■ DATA SHOWN:
______

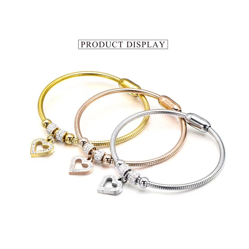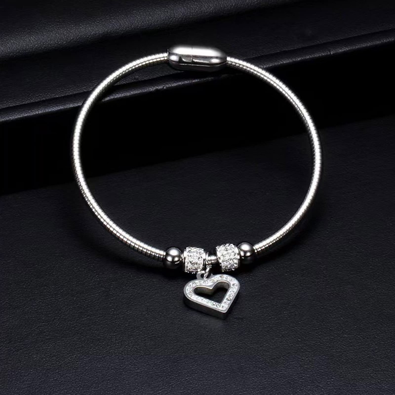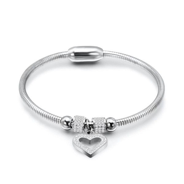 KunBead Jewelry Silver Heart Charm Birthday Bracelet Stainless Steel Love Bangle Cuff Jewellery Bracelets for Women
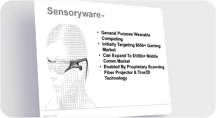 , v,7, /7/ r „as4 A % iii/. d A J • General Purpose Wearable Computing • Initially Targeting $65b+ Gaming Market • Can Expand To $100b+ Mobile Comm Market • Enabled By Proprietary Scanning Fiber Projector & True3D Technology
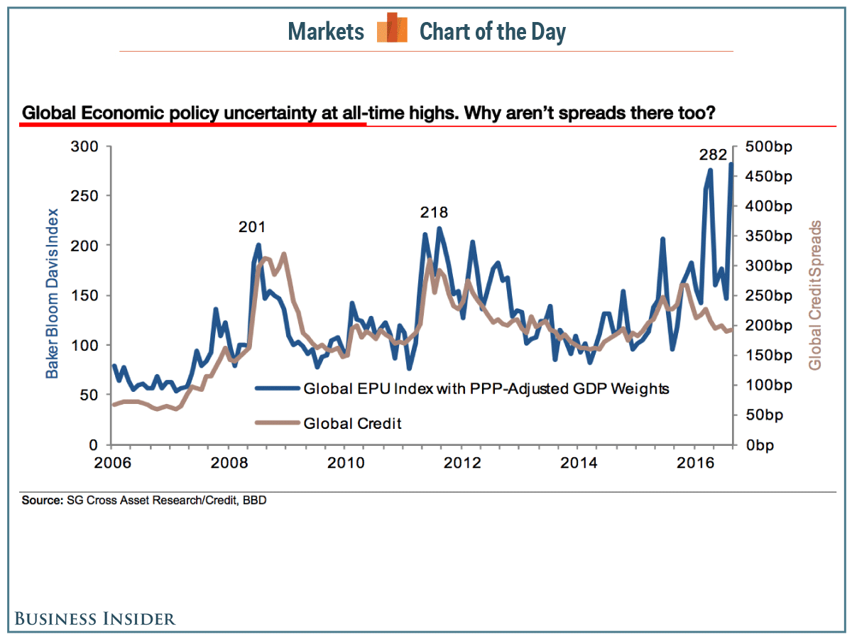 Nous avons écrit il y a fort longtemps sur ce sujet dans un article cynique intitulé « Vive les Crises », il démontrait que le négatif devenait systématiquement positif pour les marchés, car source de nouvelles largesses et assurances gratuites. Il suffit de regarder d’ailleurs les spreads sur les emprunts High Yield, ils ont comprimés, tout se passe comme si le risque avait été éliminé du système alors que de l’avis des Institutions Internationales, l’incertitude n’a jamais été aussi grande, 2017 est l’année de tous les dangers.
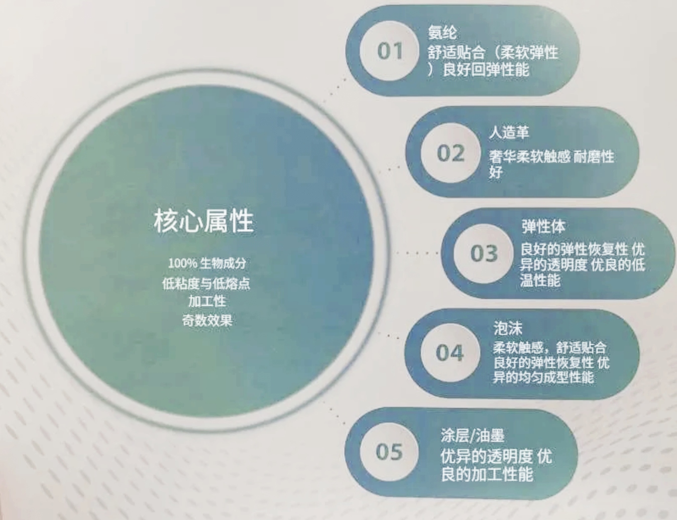 ~优异的耐水解性,低温柔韧性,很好的弹性及弹性恢复性,柔软触感与舒适穿着性,很好的耐磨与抗撕

______

The required answer is the material repeated exactly, with no images in it.

■ WRITTEN REPLY:
 KunBead Jewelry Silver Heart Charm Birthday Bracelet Stainless Steel Love Bangle Cuff Jewellery Bracelets for Women
 , v,7, /7/ r „as4 A % iii/. d A J • General Purpose Wearable Computing • Initially Targeting $65b+ Gaming Market • Can Expand To $100b+ Mobile Comm Market • Enabled By Proprietary Scanning Fiber Projector & True3D Technology
 Nous avons écrit il y a fort longtemps sur ce sujet dans un article cynique intitulé « Vive les Crises », il démontrait que le négatif devenait systématiquement positif pour les marchés, car source de nouvelles largesses et assurances gratuites. Il suffit de regarder d’ailleurs les spreads sur les emprunts High Yield, ils ont comprimés, tout se passe comme si le risque avait été éliminé du système alors que de l’avis des Institutions Internationales, l’incertitude n’a jamais été aussi grande, 2017 est l’année de tous les dangers.
 ~优异的耐水解性,低温柔韧性,很好的弹性及弹性恢复性,柔软触感与舒适穿着性,很好的耐磨与抗撕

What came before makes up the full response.